9. Exploiting Your Relationships and Joint Ventures
During negotiations between Westinghouse Electric and a Chinese state-owned nuclear power company, the companies began to cooperate more closely, and the Chinese partner “stole from Westinghouse’s computers, among other things, proprietary and confidential technical and design specifications for pipes, pipe supports, and pipe routing within the nuclear power plants that Westinghouse was contracted to build, as well as internal Westinghouse communications concerning the company’s strategy for doing business,” according to the Wang Dong Indictment.
For all relationships with partners doing business outside the United States, local lawyers will be essential to guide the transaction. Equally as important is limiting access to trade secrets and IP not part of the transactions. That may mean limiting access to facilities and systems where such information is housed, and having strict rules ironed out about who gets access to what information. If cloud-based collaboration tools are used to work on the partnership, more strict rules about what can and cannot be stored and shared in such environments is essential.
Make sure that your IP stays in the United States if possible. If you must bring your IP, make sure there are agreements in place for every eventuality, understanding that such measures still may not be enough protection. Perhaps more importantly is the need to control access to your information and to limit the number of people that have access.
There have been many cases where a “partner” is manufacturing in China and uses the U.S. company’s molds or designs. If there is no agreement governing the molds or designs, and what happens when the relationship ends, then it is quite possible that the Chinese partner will retain the molds or designs and use the same for their own benefit. Even if you have an agreement governing what happens when the relationship is over, they may still steal your molds and designs to work against you.
10. They Are Getting Information from Your Workforce or Your Recruiter
IP is being stolen by competitors or foreign entities hiring operatives who may work at your business for years or even decades. Monitoring and auditing information transmissions and extreme vetting must be utilized to mitigate this risk.
Even more troubling is the recent revelation that the Chinese have begun U.S.-based recruitment and headhunting firms that appear perfectly legitimate, but really are placing “operatives” at U.S. businesses that have IP deemed strategically important to China. Further, according to the FBI, job advertisements are posted online by those intent on stealing IP to attract employees.
Conclusion
Economic espionage from abroad is a significant and growing concern. Cyber attacks are becoming more challenging to combat and, in conjunction with traditional physical stealing of trade secrets, poses a large existential threat to American businesses, the economy, and security.

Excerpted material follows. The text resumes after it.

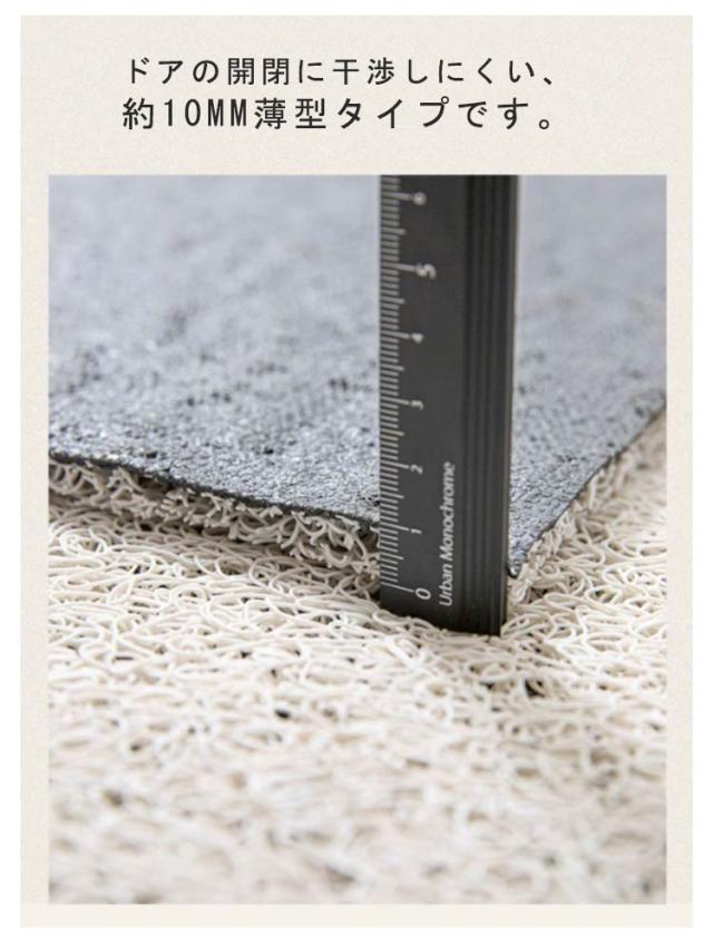 | 泥落としに便利な玄関マットです。 ループ状の表面が靴裏の砂や泥、ホコリをキャッチして、室内への汚れの侵入を低減させます。 裏面は滑り止めのゴムになっています。 可愛らしいデザインかつお洒落なエントランスを引き立てます。 ドアの開閉に干渉しにくい、約10mm薄型タイプです。 気になる汚れはホースの水をジャブジャブかけてOK!裏返して置いておけばすぐに乾きます。 | |

In the United States, officials are pursuing an enhanced and comprehensive strategy to attempt to counter economic espionage and IP theft in general. Many agencies, including law enforcement, are focused on the problem, and it is a top priority for the FBI. In the end, however, self-help likely is U.S. companies most prudent avenue. In that regard, lawyers play a unique and important role: negotiator, risk manager, creative drafter, and hopefully not litigator. At about a billion dollars a day of U.S. IP theft, however, U.S. companies have much to lose, and they are continuing to lose.